_TASK INSTRUCTIONS_
Once the pictures are removed, restate the listing word for word.

_STUDY MATERIAL_
........
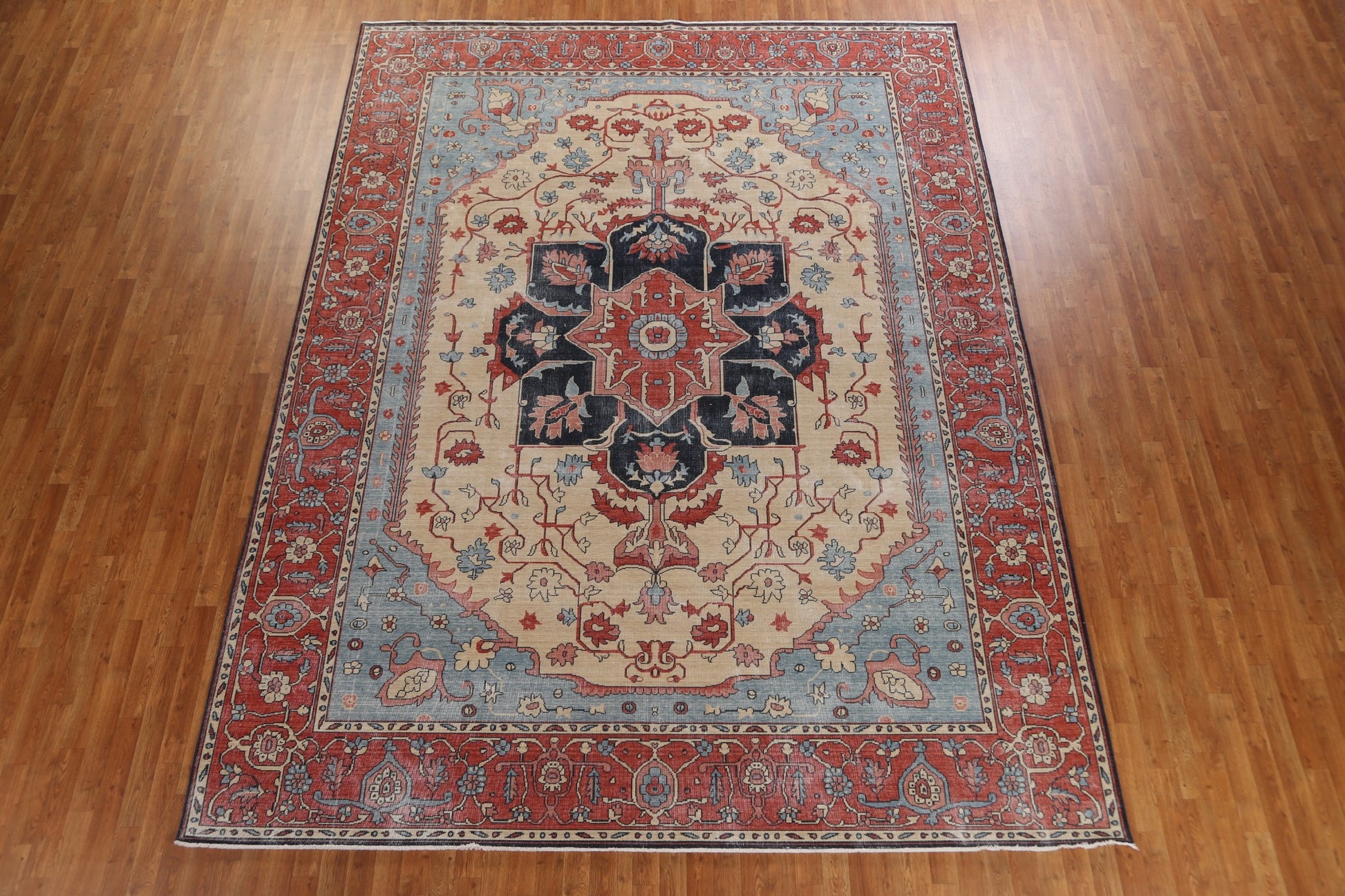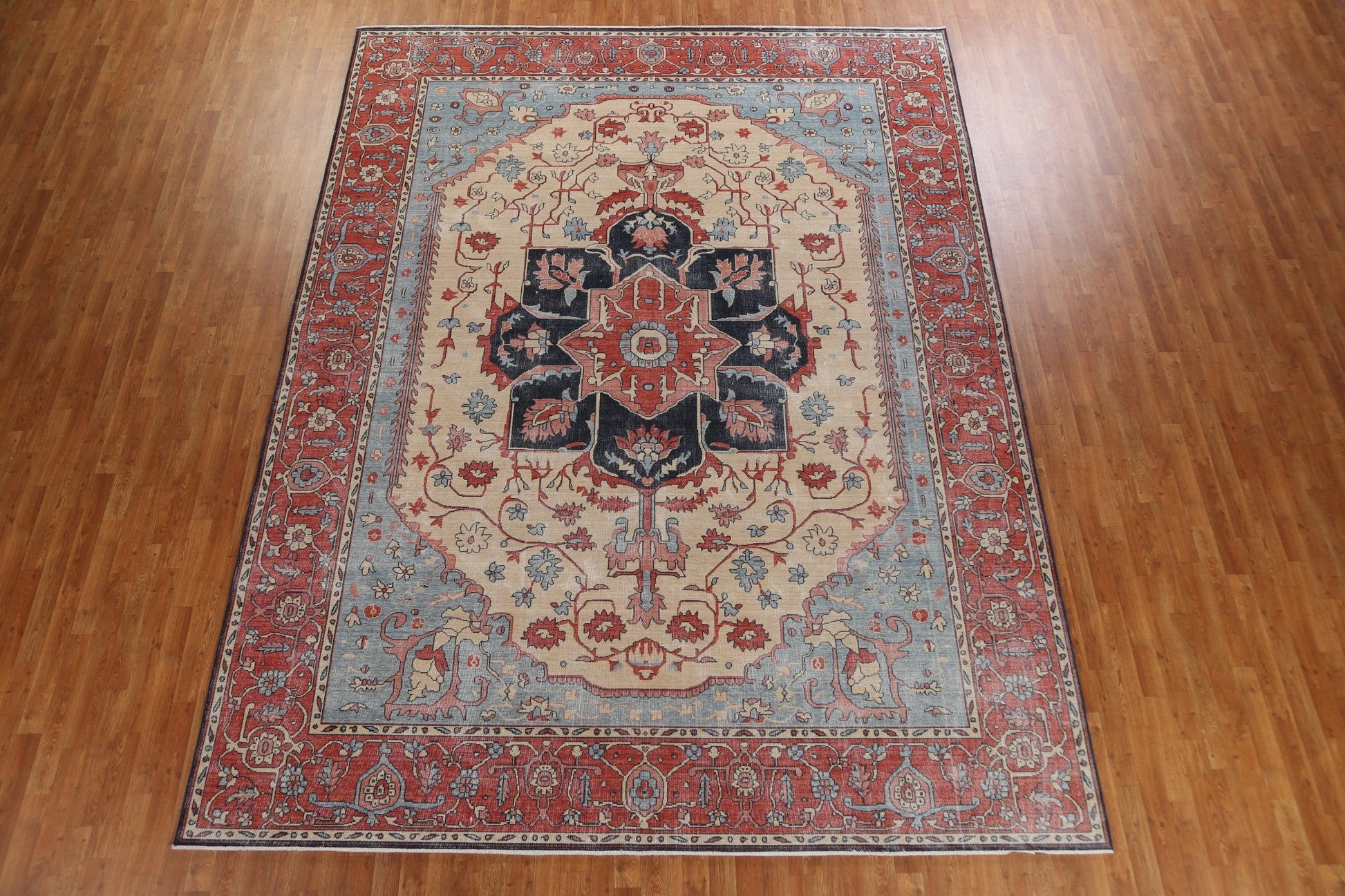Hand-Knotted Wool Heriz Serapi Oriental Area Rug 10x13
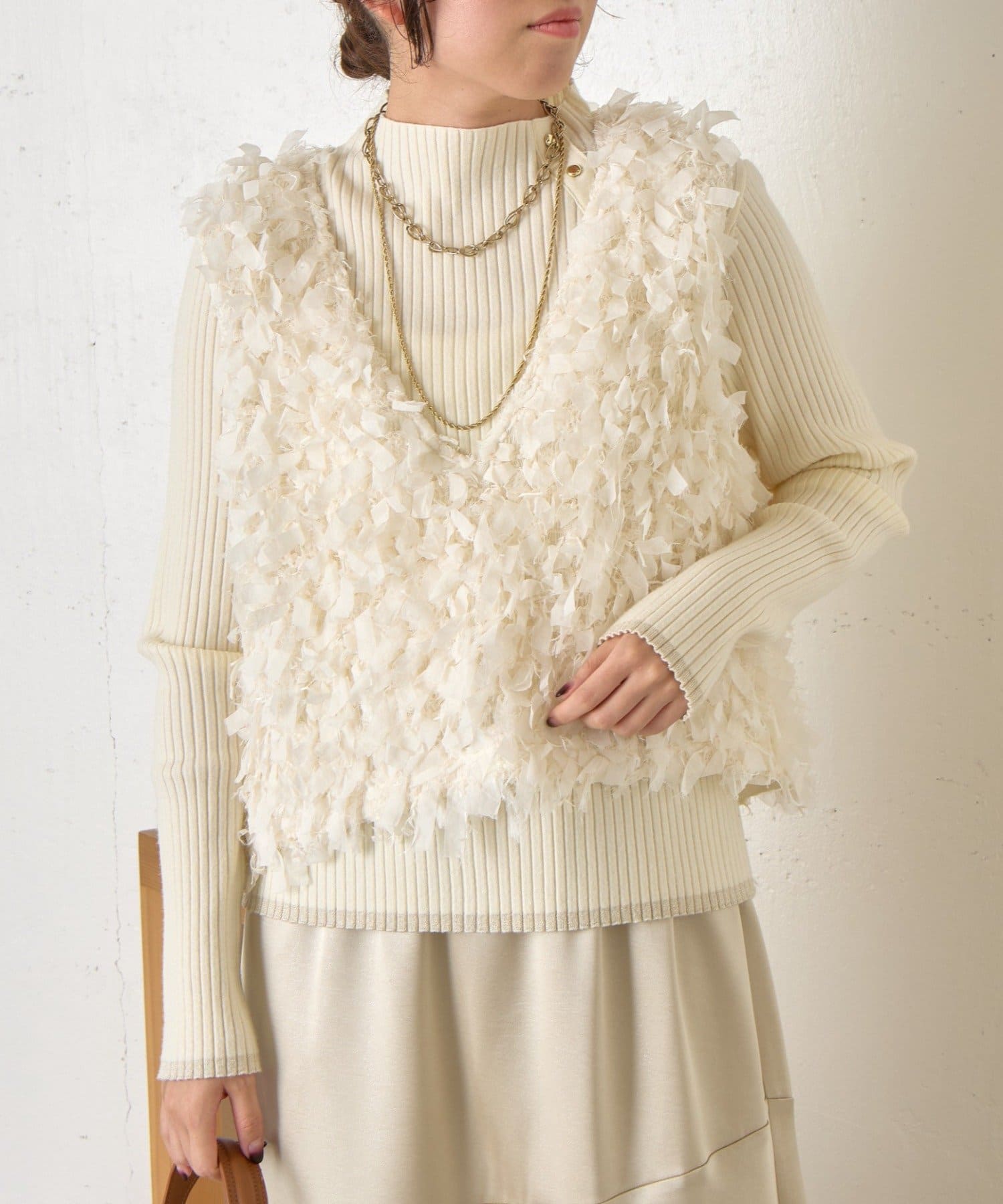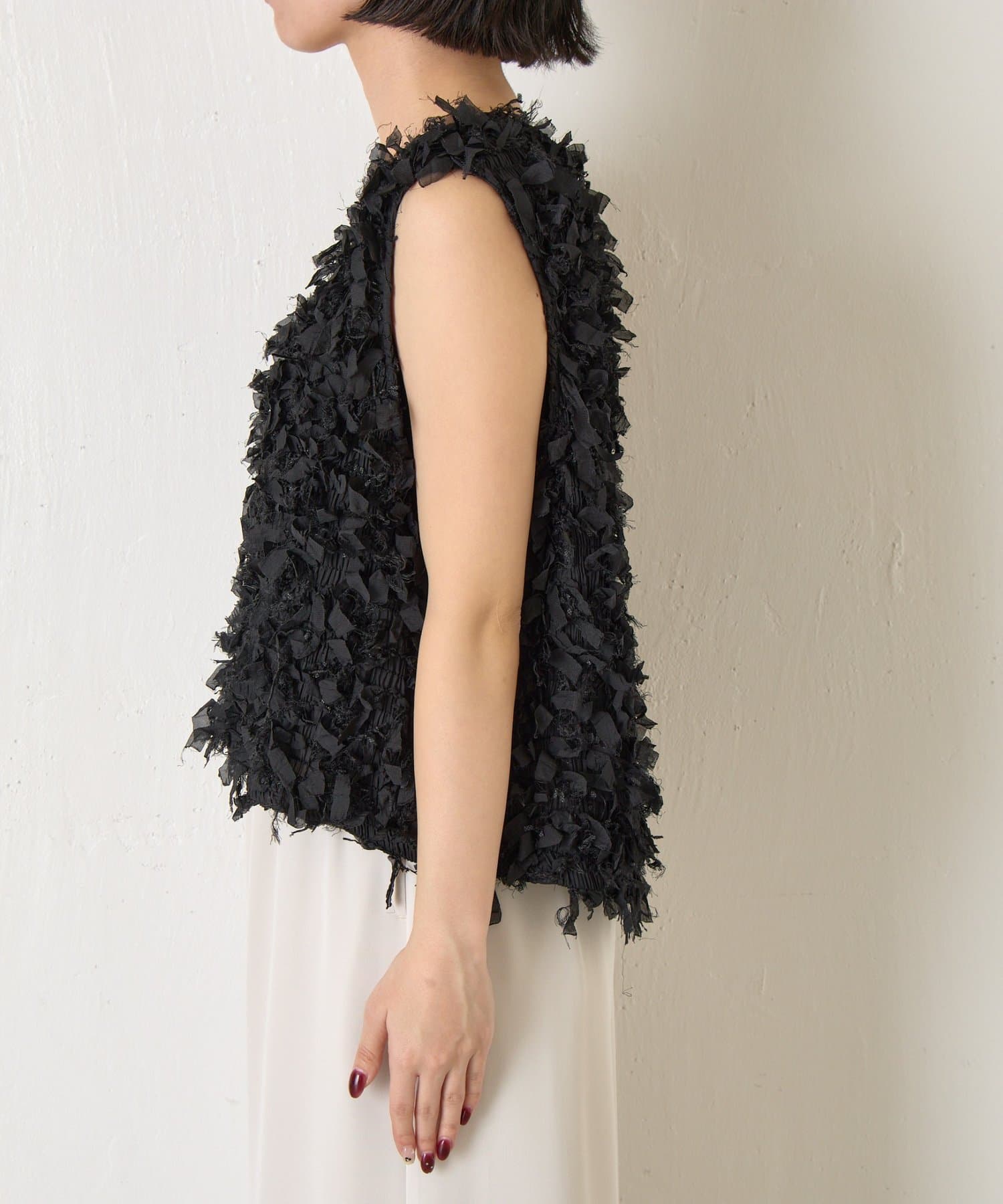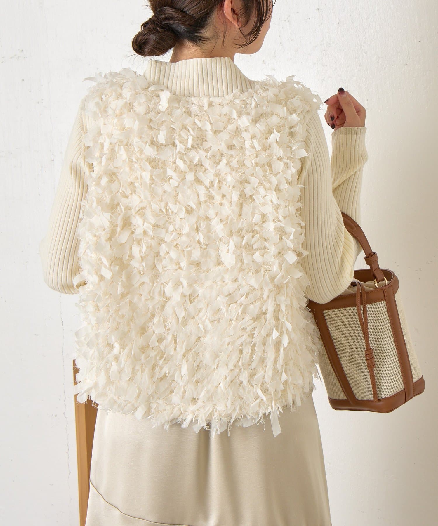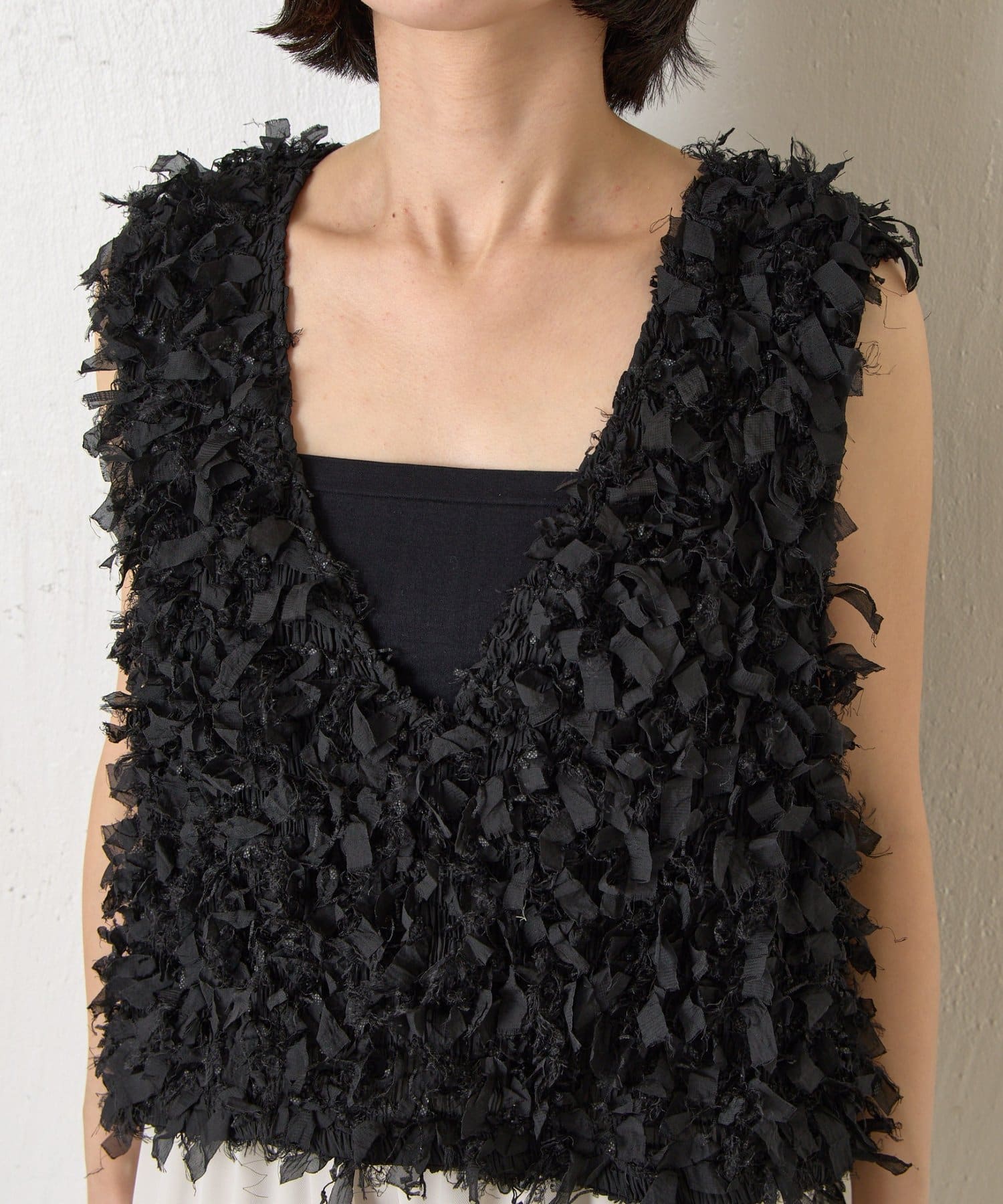 ・トレンド感のある大人のためのリボンフリンジベスト。
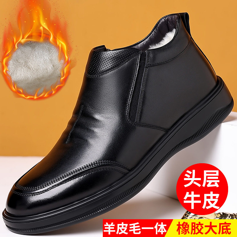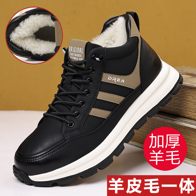 羊毛鞋男高帮皮鞋冬季加绒保暖休闲男鞋真皮冬天爸爸东北大棉鞋男
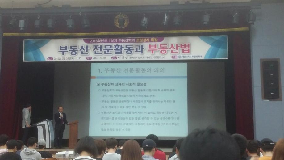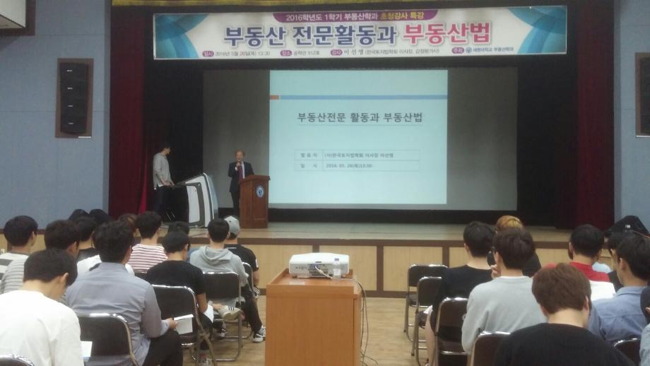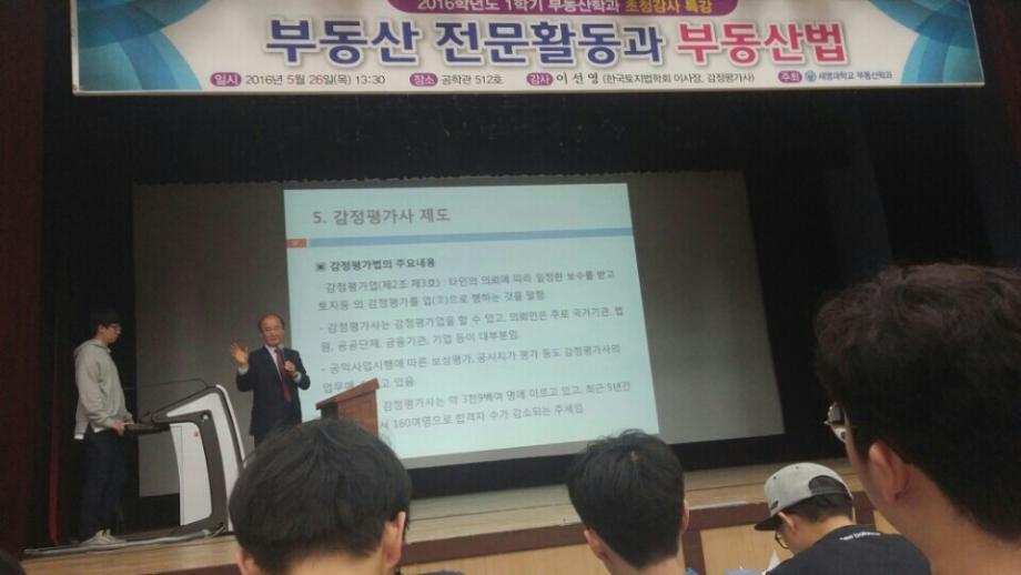 본문 시작 홈으로 학과 소식 학과소개 취업 및 진로 언론 및 보도 학과 소식 대학원 홈페이지가이드 행사사진게시판 행사사진게시판 공지사항 일반자료실 강의자료실 부동산학보 동아리 행사사진게시판 페이스북 트위터 프린트 2016년 1학기부동산학과 초청강사 특강 전체관리자 9546 2016-06-03 2016년 1학기부동산학과 초청강사 특강 <부동산 전문활동과 부동산법> 일시 : 2016. 05. 26 목 장소 : 공학관 512호 한국토지 법학회 이사장 이선영님께서 부동산 전문활동과 부동산법에 대한 강의를 해주셨다 과거와 현재에 대한 부동산 지식과 달라진 점에 대하여 설명해해 주셨다. 목록 이전2016 졸업생 취업특강 이전2016년도 한국지역개발학회 춘계종합학술대회 참가 담당부서 : 부동산지적학과 담당자 : - 연락처 : 043-649-1784 최종수정일 : 2024-10-26 만족도조사 만족도 조사 이 페이지에서 제공하는 정보에 대하여 만족하시나요? 매우만족 만족 보통 불만족 매우불만족
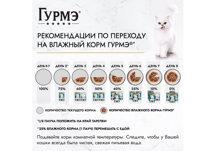 Корм для кошек ГУРМЭ® полнорационный, содержит все необходимые для здоровья микронутриенты.
........
_REPLY TO THE EXERCISE_
Hand-Knotted Wool Heriz Serapi Oriental Area Rug 10x13
 ・トレンド感のある大人のためのリボンフリンジベスト。
 羊毛鞋男高帮皮鞋冬季加绒保暖休闲男鞋真皮冬天爸爸东北大棉鞋男
 본문 시작 홈으로 학과 소식 학과소개 취업 및 진로 언론 및 보도 학과 소식 대학원 홈페이지가이드 행사사진게시판 행사사진게시판 공지사항 일반자료실 강의자료실 부동산학보 동아리 행사사진게시판 페이스북 트위터 프린트 2016년 1학기부동산학과 초청강사 특강 전체관리자 9546 2016-06-03 2016년 1학기부동산학과 초청강사 특강 <부동산 전문활동과 부동산법> 일시 : 2016. 05. 26 목 장소 : 공학관 512호 한국토지 법학회 이사장 이선영님께서 부동산 전문활동과 부동산법에 대한 강의를 해주셨다 과거와 현재에 대한 부동산 지식과 달라진 점에 대하여 설명해해 주셨다. 목록 이전2016 졸업생 취업특강 이전2016년도 한국지역개발학회 춘계종합학술대회 참가 담당부서 : 부동산지적학과 담당자 : - 연락처 : 043-649-1784 최종수정일 : 2024-10-26 만족도조사 만족도 조사 이 페이지에서 제공하는 정보에 대하여 만족하시나요? 매우만족 만족 보통 불만족 매우불만족
 Корм для кошек ГУРМЭ® полнорационный, содержит все необходимые для здоровья микронутриенты.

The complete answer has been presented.